Хозяин же, тоже знаменитый, кроме всего прочего, снисходительной ленью, слегка прихворнул и отлёживался на широком диване в кабинете. Очки его радостно блеснули навстречу дамам, но обе они повели своими хорошенькими головками справа налево и ещё раз.

   — Нет? Не выгорело, Анна Петровна? Только простуду зря могли схватить, как я, грешный. — И он, кряхтя, принялся нашаривать мягкие туфли, приподниматься с дивана...

   — Ну нет, — ворчал он далее, — Фаддею сам чёрт детей колышет, а вы, дуры бабы, понадеялись! Забавно. Впрочем, нет: горько! Впрочем, у меня — хандра.

Он посидел несколько минут, опустив руки и голову, словно раздумывая — не улечься ли снова.

   — Хандрливость (он засмеялся странному и труднопроизносимому слову) есть точно свойство моей натуры. Как блудливость — Фаддеевой. Сводничает Фоку, выдаёт нас с головой там, где и комар носа не подточит... А бодливость — Александра свойство, никому не спустит при всём добродушии.

Он засмеялся, вспомнив, как именно Александр не спускает Фаддею, и тут же стал мурлыкать себе под нос:

Говоришь, за бочку рома —
Незавидное добро!
Ты дороже, сидя дома,
Продаёшь своё дерьмо!

Анна Петровна Керн слушала, наклонив к плечу голову, будто и не эти слова, а что-то дальнее. Дельвиг же продолжал, всё ещё не вставая с дивана:

   — Мы их словом, они нас — делом, а дело Булгарина, как известно, кроме всего прочего — доносы Александру Христофоровичу. Донос — потому что конкуренции боится. Да из злобы и зависти. Затейлив, игрив Булгарин — развлекается. А и наскочил на булавку Пушкина, всё равно неизвестно, уймётся ли. Разве что царь прикрикнет...
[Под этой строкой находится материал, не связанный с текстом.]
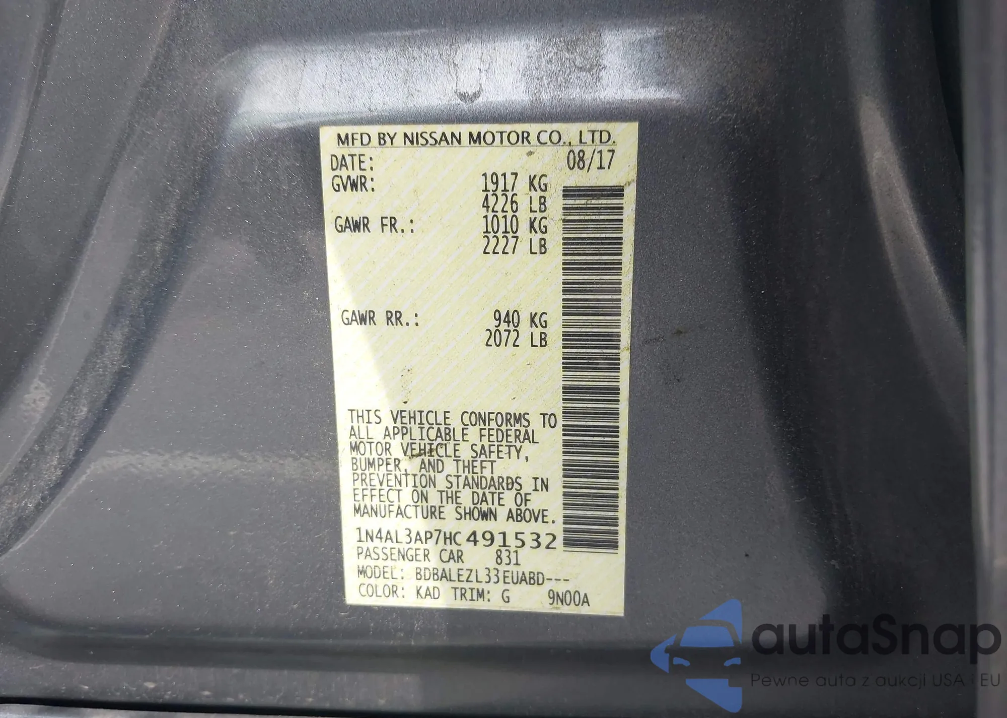 • VIN 1N4AL3AP7HC491532

...Пока что несколько времени назад на него, Антона Антоновича Дельвига, совершенно неприлично кричал Бенкендорф. Кричал, краснея от искусно подогреваемой злости.

Дельвиг смутился тогда и не нашёлся сразу, от первого непривычного и неприличного «ты». Чего раньше не бывало. Забавно!

Лицом ещё умеренно румяный, с этой будто мыльной, отступившей ото лба шевелюрой, вполне приличный господин, Бенкендорф на этот раз был страшен:

   — Где? Где, укажи мне, найдётся предмет, какой ты, Пушкин, Вяземский не подвергли осмеянию? Аристократы, чистюльки — славить отечество у них рука не поднимается — горды. Горды? Глумливы и ленивы послужить, да. Всех в Сибирь, кабы моя воля, всех в кучку сбить, чтоб не скучали, почту не обременяли. А? Тебя — первого, газету твою прихлопнуть, не за азарт, за глупость. Азарта с тебя, положим, как с паршивой овцы!

На этих словах Бенкендорф осмотрел Дельвига с головы до ног, что называется обливая презрением. Но барон уже несколько оправился:

   — Я только хочу напомнить, что перед вами не холоп и не осуждённый ещё...

   — Помолчи, — прервал Бенкендорф голосом человека, у которого очень болит голова. — Помолчи, не бери греха на душу. Не ножом одним убивают, словом — тоже. В любом другом государстве за ваше мальчишество вы жизнью поплатились бы. Из мальчишек, сударь мой, давно выросли. Но всё мальчишествуете! И мальчишек же развращаете брожением умов, даже и в доме своём.